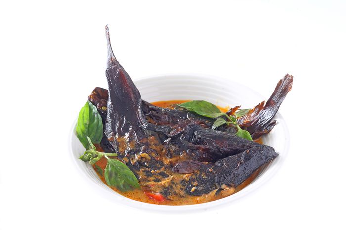 Ikan Pari Asap Terong Hijau Santan Pedas Mangut Genjong
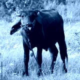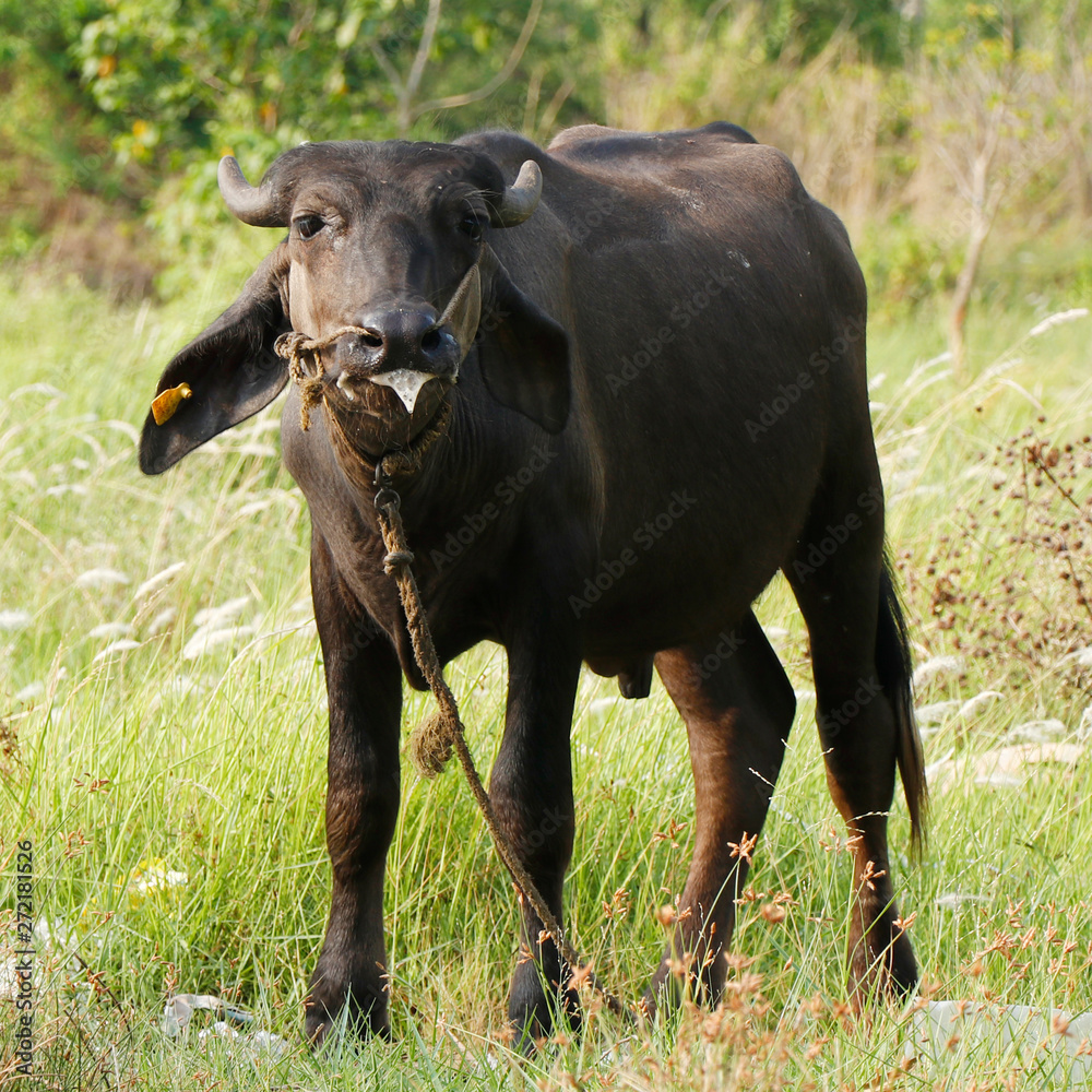 indian black beef with ear stud on grass field
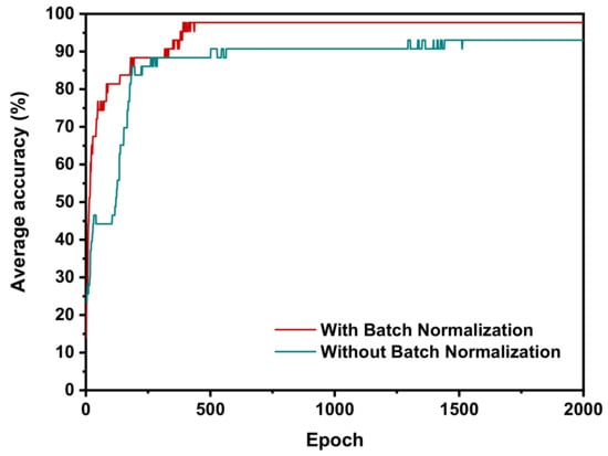 In addition to improving the classification accuracy, the Batch Normalization layer can also speed up the training process. In experiments, two training processes with and without Batch Normalization are compared and the training curves are plotted in Figure 7. The accuracy of the network with Batch Normalization reaches its maximum value at around 400th epochs, which is faster than that of the network without Batch Normalization (at around 1400th epochs). The results further indicate that the Batch Normalization layers can upgrade the learning ability of the classification model.
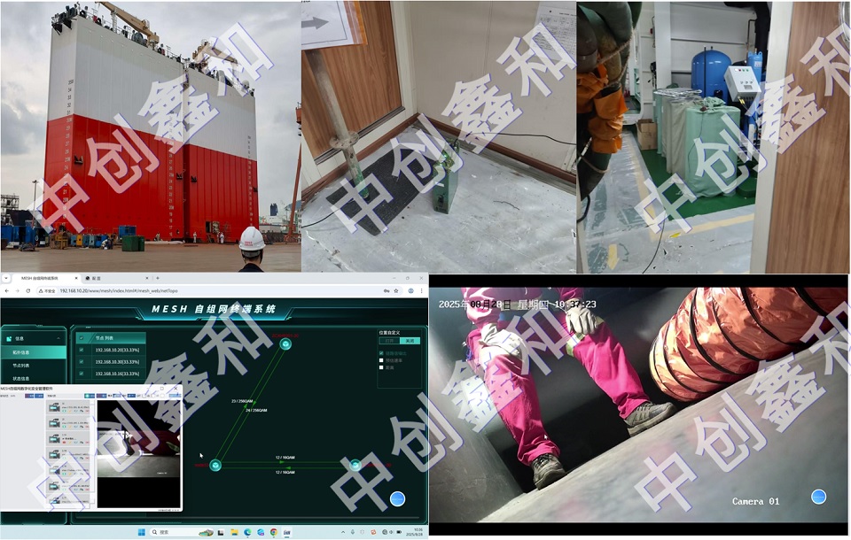 测试在某船厂船只压载舱密闭空间环境下,自组网设备的连接情况以及组网传输情况;同时把压载舱里面的采集视频回传到地面指挥部。
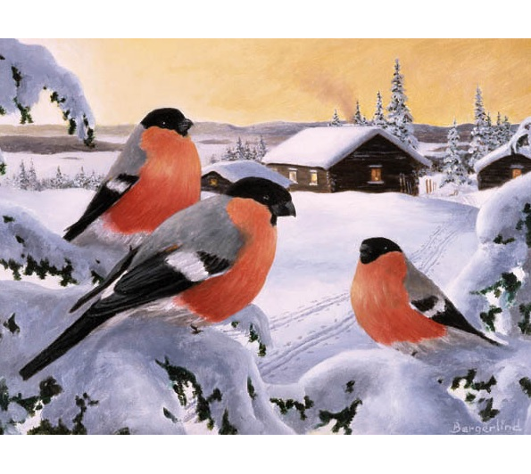 Christmas Jul cards - Bullfinches

| TASK |
The records above must be printed exactly; the pictures stay out.

| OUTPUT OF THE TASK |
 Ikan Pari Asap Terong Hijau Santan Pedas Mangut Genjong
 indian black beef with ear stud on grass field
 In addition to improving the classification accuracy, the Batch Normalization layer can also speed up the training process. In experiments, two training processes with and without Batch Normalization are compared and the training curves are plotted in Figure 7. The accuracy of the network with Batch Normalization reaches its maximum value at around 400th epochs, which is faster than that of the network without Batch Normalization (at around 1400th epochs). The results further indicate that the Batch Normalization layers can upgrade the learning ability of the classification model.
 测试在某船厂船只压载舱密闭空间环境下,自组网设备的连接情况以及组网传输情况;同时把压载舱里面的采集视频回传到地面指挥部。
 Christmas Jul cards - Bullfinches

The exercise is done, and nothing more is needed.